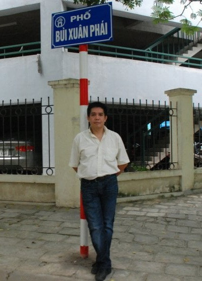 BS Gérard Chapuis tại một góc đường mang tên Bùi Xuân Phái ở Hà Nội
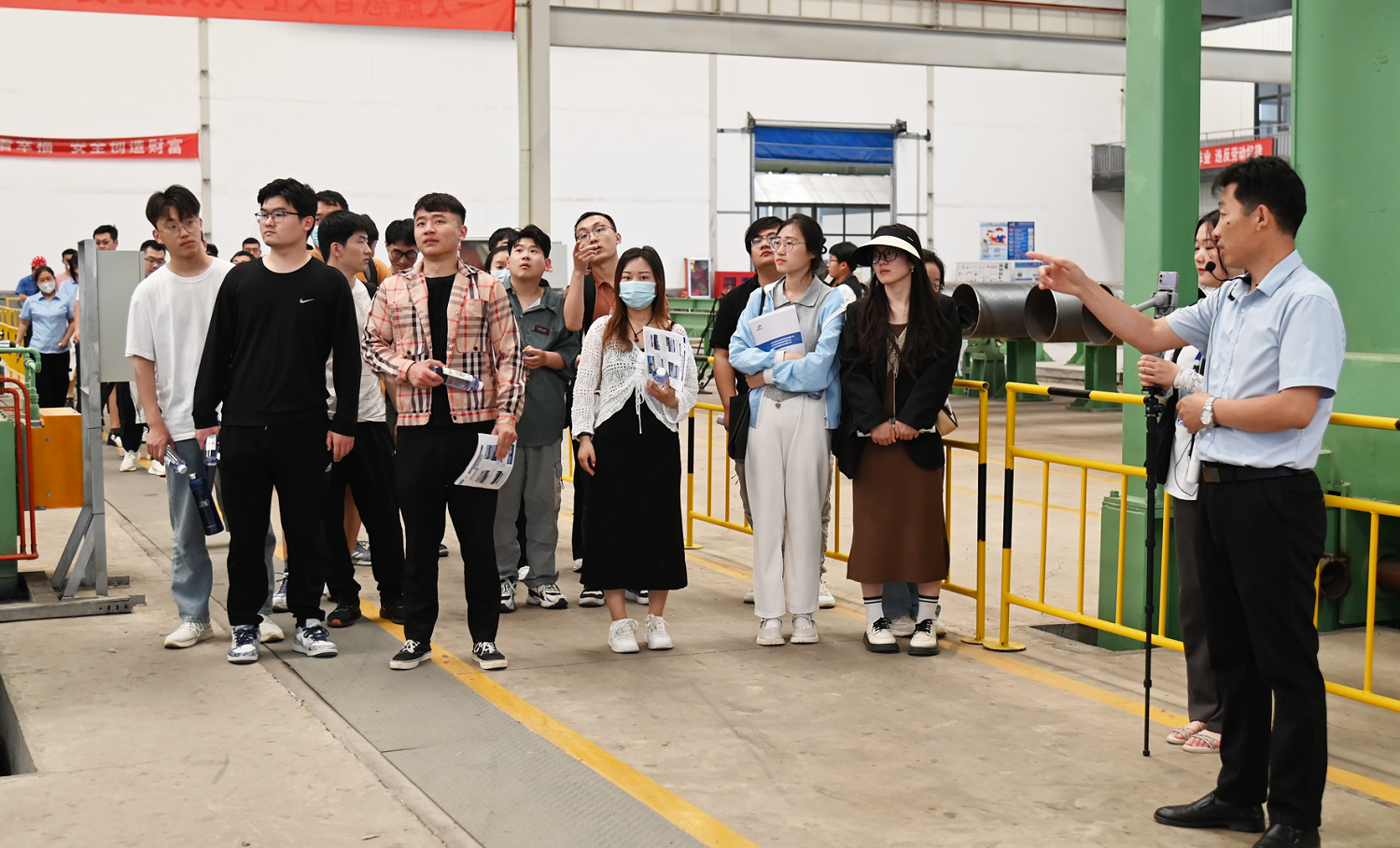 ? ? ? ?隨即(ji),抵達(da)PPH裝(zhuang)配成(cheng)(cheng)品庫與螺旋(xuan)運(yun)動無縫(feng)管裝(zhuang)配成(cheng)(cheng)品庫進行工地在參觀,管材新(xin)公司總監(jian)為煙(yan)臺(tai)實訓基地的學員們(men)基本(ben)介(jie)召(zhao)了企業產(chan)品的工序方法。
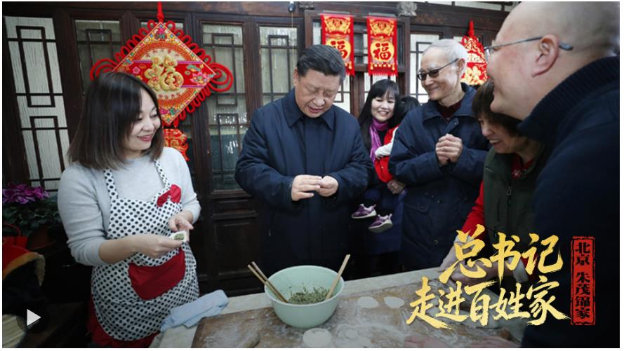 2019年春節(jié)前夕,習(xí)近平總書記走進(jìn)北京市東城區(qū)草廠四條胡同。在居民朱茂錦家里,總書記與他們一家邊包水餃邊聊家常。總書記笑著說:“我家里也愛包茴香餡的。多年來因工作關(guān)系我沒包過餃子了,你們看,越包越好。我們的生活也是這樣,越過越好!”

* _To do_
When repeating the material above, keep every line exact and drop all pictures.

* _Solution to the problem_
 BS Gérard Chapuis tại một góc đường mang tên Bùi Xuân Phái ở Hà Nội
 ? ? ? ?隨即(ji),抵達(da)PPH裝(zhuang)配成(cheng)(cheng)品庫與螺旋(xuan)運(yun)動無縫(feng)管裝(zhuang)配成(cheng)(cheng)品庫進行工地在參觀,管材新(xin)公司總監(jian)為煙(yan)臺(tai)實訓基地的學員們(men)基本(ben)介(jie)召(zhao)了企業產(chan)品的工序方法。
 2019年春節(jié)前夕,習(xí)近平總書記走進(jìn)北京市東城區(qū)草廠四條胡同。在居民朱茂錦家里,總書記與他們一家邊包水餃邊聊家常。總書記笑著說:“我家里也愛包茴香餡的。多年來因工作關(guān)系我沒包過餃子了,你們看,越包越好。我們的生活也是這樣,越過越好!”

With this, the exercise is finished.